_WORK REQUIRED:_ Retype the listing exactly. Leave out the images.

_THE DATA:_
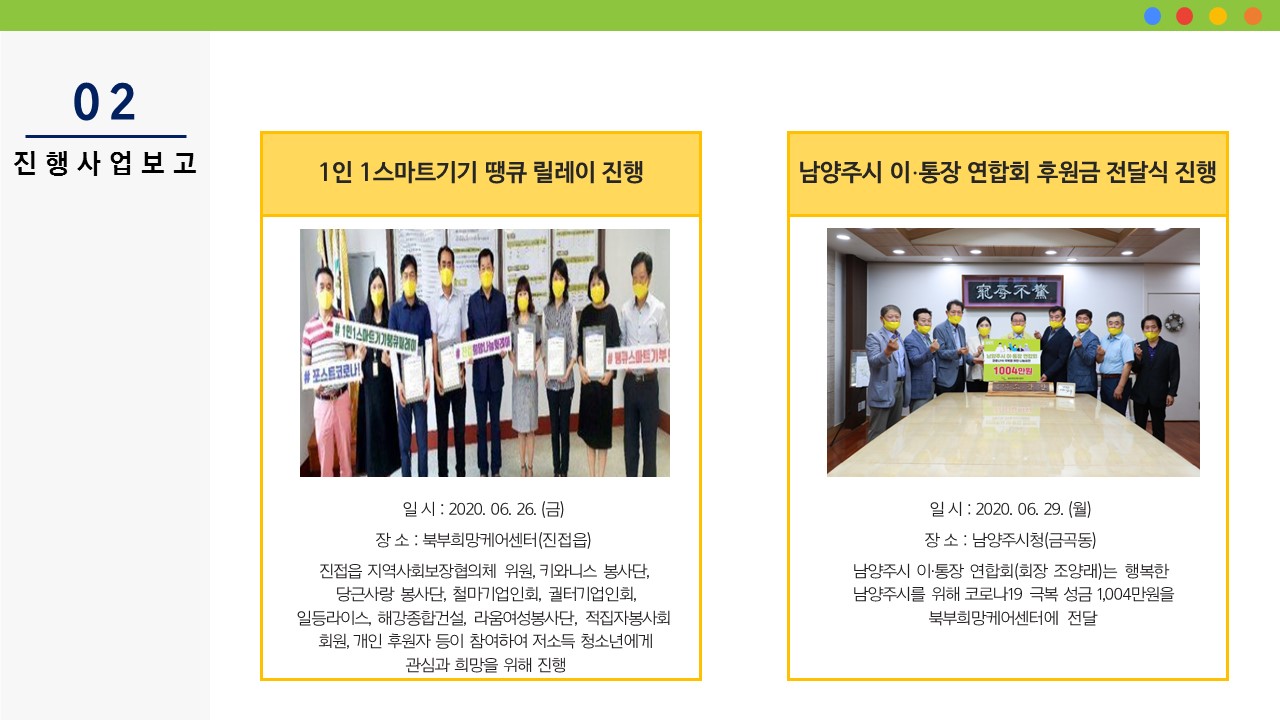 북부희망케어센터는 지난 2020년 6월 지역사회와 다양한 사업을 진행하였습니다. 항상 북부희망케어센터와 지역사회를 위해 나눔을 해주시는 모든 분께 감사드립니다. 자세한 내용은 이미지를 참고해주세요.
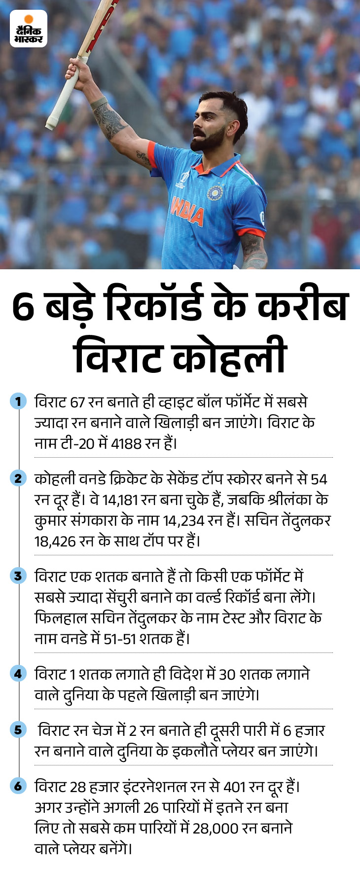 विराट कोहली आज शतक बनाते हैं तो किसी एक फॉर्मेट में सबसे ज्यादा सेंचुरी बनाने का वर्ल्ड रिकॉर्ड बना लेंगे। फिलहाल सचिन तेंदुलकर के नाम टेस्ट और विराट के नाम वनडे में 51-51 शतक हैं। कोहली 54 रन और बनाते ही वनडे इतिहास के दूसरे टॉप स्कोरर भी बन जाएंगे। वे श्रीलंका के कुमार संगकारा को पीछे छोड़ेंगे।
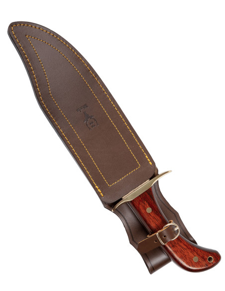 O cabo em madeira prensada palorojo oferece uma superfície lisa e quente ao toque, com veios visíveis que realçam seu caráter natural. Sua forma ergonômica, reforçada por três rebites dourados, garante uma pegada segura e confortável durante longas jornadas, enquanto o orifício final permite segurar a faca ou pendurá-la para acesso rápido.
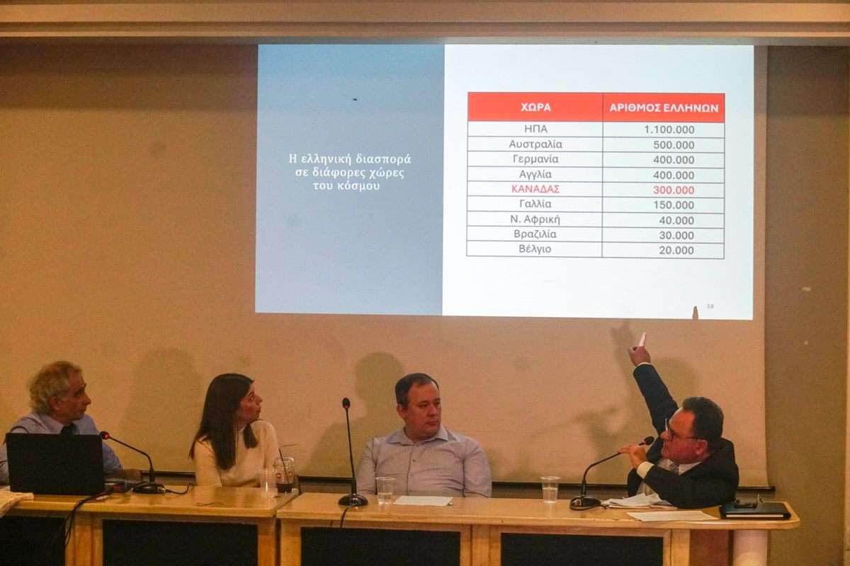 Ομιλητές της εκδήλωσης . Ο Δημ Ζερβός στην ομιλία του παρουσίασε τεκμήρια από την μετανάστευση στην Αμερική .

_SOLUTION TO THIS PROBLEM:_
 북부희망케어센터는 지난 2020년 6월 지역사회와 다양한 사업을 진행하였습니다. 항상 북부희망케어센터와 지역사회를 위해 나눔을 해주시는 모든 분께 감사드립니다. 자세한 내용은 이미지를 참고해주세요.
 विराट कोहली आज शतक बनाते हैं तो किसी एक फॉर्मेट में सबसे ज्यादा सेंचुरी बनाने का वर्ल्ड रिकॉर्ड बना लेंगे। फिलहाल सचिन तेंदुलकर के नाम टेस्ट और विराट के नाम वनडे में 51-51 शतक हैं। कोहली 54 रन और बनाते ही वनडे इतिहास के दूसरे टॉप स्कोरर भी बन जाएंगे। वे श्रीलंका के कुमार संगकारा को पीछे छोड़ेंगे।
 O cabo em madeira prensada palorojo oferece uma superfície lisa e quente ao toque, com veios visíveis que realçam seu caráter natural. Sua forma ergonômica, reforçada por três rebites dourados, garante uma pegada segura e confortável durante longas jornadas, enquanto o orifício final permite segurar a faca ou pendurá-la para acesso rápido.
 Ομιλητές της εκδήλωσης . Ο Δημ Ζερβός στην ομιλία του παρουσίασε τεκμήρια από την μετανάστευση στην Αμερική .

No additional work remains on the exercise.